A casa caiu?

por Dodi Tavares Borges Leal

Contos Imorais - Parte 1: Casa Mãe ©️Jean-Luc Beaujault

E se as instituições que dão pilar à sociedade estivessem à beira de cair com um sopro? Na fábula dos três porquinhos aprendemos, dentre outras coisas, que proteger-se do lobo mau depende da força das estruturas que erguem. Em Contos Imorais – Parte 1: Casa Mãe (Contes Immoraux – Partie 1: Maison Mère), vemos que água mole em papelão mais mole ainda tanto bate até que cai. E perguntamos, de que matéria física é feita a democracia? Para preservar as instituições dos desgastes precisamos erguê-la com que matéria?

Uma casa sob encomenda do IKEA. Monte você mesmo! Será que a mega-loja passou a vender também um kit Estado de direito democrático com instruções de instalação e de uso? Phia Ménard nos apresenta o (nosso) chão com uma série de peças que acabam por tornar-se espetinho de palco. Placas voadoras. É preciso dar adesão às junções. Toda a matéria vem do chão. Fita adesiva pode colar pedaços de poder? A personagem arranca no dente. Pedaços de fita. Sua compulsão, em certa pressa crescente, e a colagem de fita sobre fita nos indicam que é preciso fixar bem. Ela parece que tentou com todas as suas forças que a casa ficasse de pé.
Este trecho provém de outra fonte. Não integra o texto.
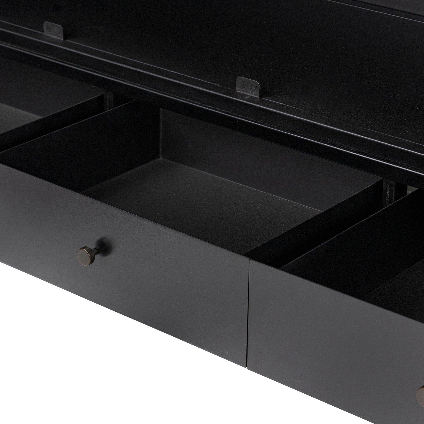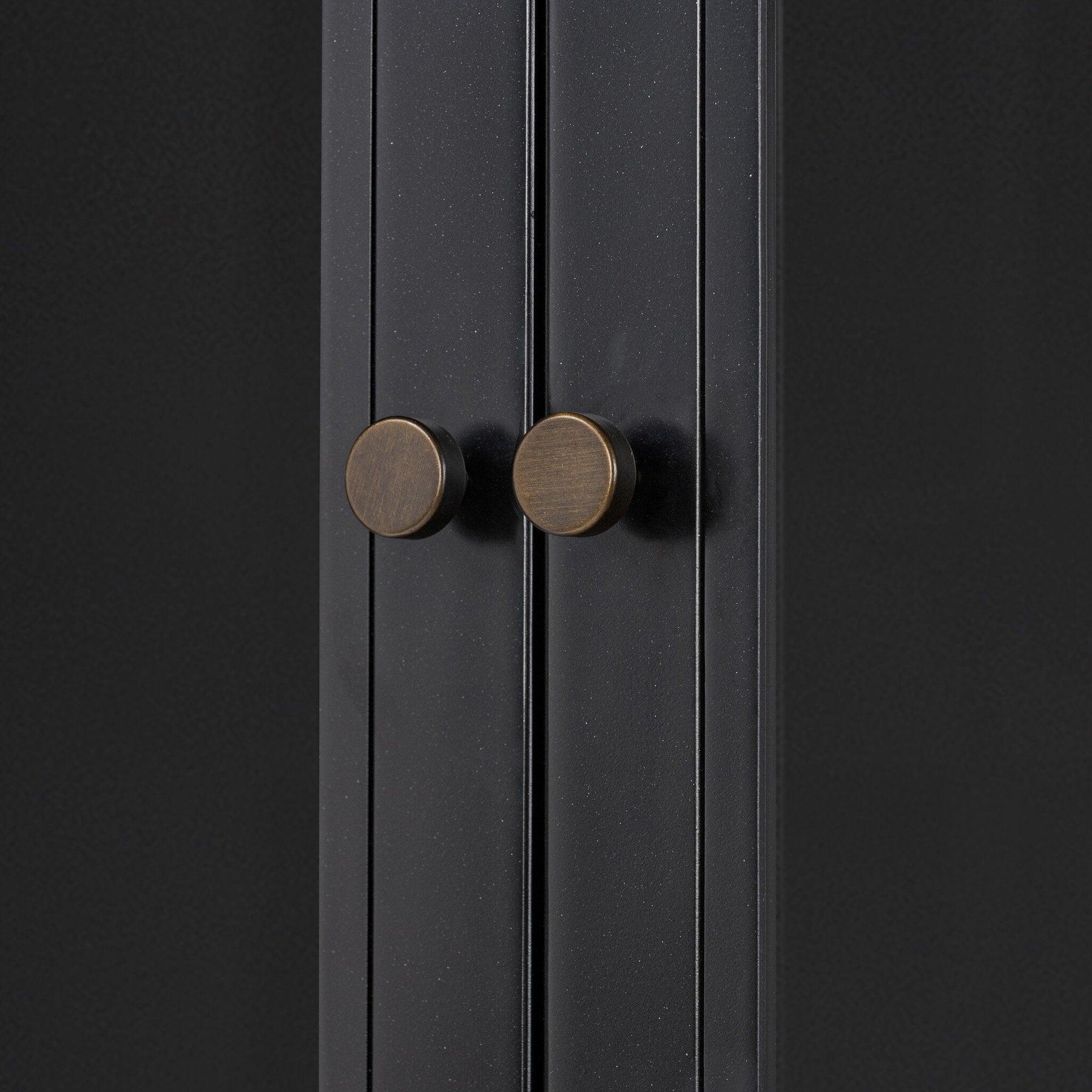 Storage-driven cabinetry inspired by angular geometry. Rich with monochromatic presence a black-finished metal cabinet pairs with an airy iron base for a balance in scale. Three drawers bring even more storage with bi-fold glass doors for display options. Minimalist bronzed hardware completes the look.

“Qual é a figura que você leva para a cena?”. Perguntou-se à Phia Ménard após a primeira apresentação de Casa Mãe no Sesc Pinheiros, pela MITsp 2020. Ela responde: “Femme. Femme. Femme!” Uma mulher. Aqui no Brasil há algumas décadas, antes das construtoras reinarem o mercado, quem construía as casas eram os pedreiros. E Phia é uma pedreira da cena, uma soldada com suas lanças e armadura. Às vezes ela se enfia embaixo do chão de placas e desprega seus ligamentos construindo assim um teto. Ergue uma parede, depois outra, depois outra. A mulher maneja a destreza do equilíbrio. O som de fábrica da paisagem logo adianta o tilintar metálico-hidráulico e a profusão de chuva que está por vir. Por ora, uma casa maluca, onde imagina-se viver em uma planitude diagonalizada.
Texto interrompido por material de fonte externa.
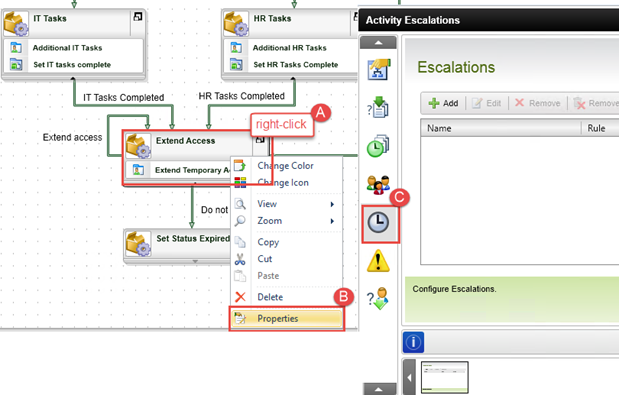 Right-click the Extend Access activity and select Properties, then open the Escalations tab.

A estrutura da possível casa balançando nos dá aflição enquanto público. Algo que nós cidadãs/ãos sentimos quando as instituições democráticas estão abaladas. E parece que só há uma pessoa que tem o cálculo de salvá-la. Ou de vê-la ruir. É uma grande guerreira travesti. Ela ousa até mesmo tirar um sarro com quem é espectador/a: fecha na nossa cara a quarta parede. Da casa e da cena. Onde ficam as convenções teatrais quando o cenário é uma gangorra e quando a casa está de ponta cabeça? Qual a força de constituições democráticas quando as superfícies já não se mostram planas, nem verticais?
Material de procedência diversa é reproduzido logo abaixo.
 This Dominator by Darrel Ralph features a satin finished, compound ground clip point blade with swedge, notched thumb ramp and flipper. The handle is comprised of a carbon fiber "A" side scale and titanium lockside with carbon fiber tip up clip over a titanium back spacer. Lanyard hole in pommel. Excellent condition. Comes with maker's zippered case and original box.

Lá de dentro sai uma pessoa trans com uma serra elétrica. Ela rasga as paredes. A serra pode ser suas unhas. Eis que visualizamos o Parthenon. A casa do povo? Berço da democracia, ou avesso da democracia. Lembramos do texto Casa Vacía de Paul Preciado no qual ele correlaciona a pressa em mobiliar uma casa com a cisgeneridade naturalizada que precisa preencher os espaços sem lidar com os vazios com as quais as transições nos fazem viver. Construir a própria casa, uma avenção da transgeneridade.

Aí vemos ela ao lado da casa construída. Estamos a perceber o tempo que leva para os objetos se modificarem. O temporal cai e faz ruir impiedosamente as instituições democráticas erguidas. Acompanhamos as colunas desmancharem uma a uma. Os ladrilhos cedem. Grande fumaça vem de cima enquanto as colunas se dobram. Parece que a casa vai cair mais rápido, e juntar-se às poças d’água formadas no chão. E a travesti ao lado. É preciso notar que ela também esteve em transição o tempo todo. Uma gota trava.

Enquanto a casa caiu, vemos a mulher trans se erguendo com uma força adquirida gota a gota. Ela agradece dobrando a coluna do seu corpo, enquanto as colunas da casa já estão derrubadas. É traviarcado que fala?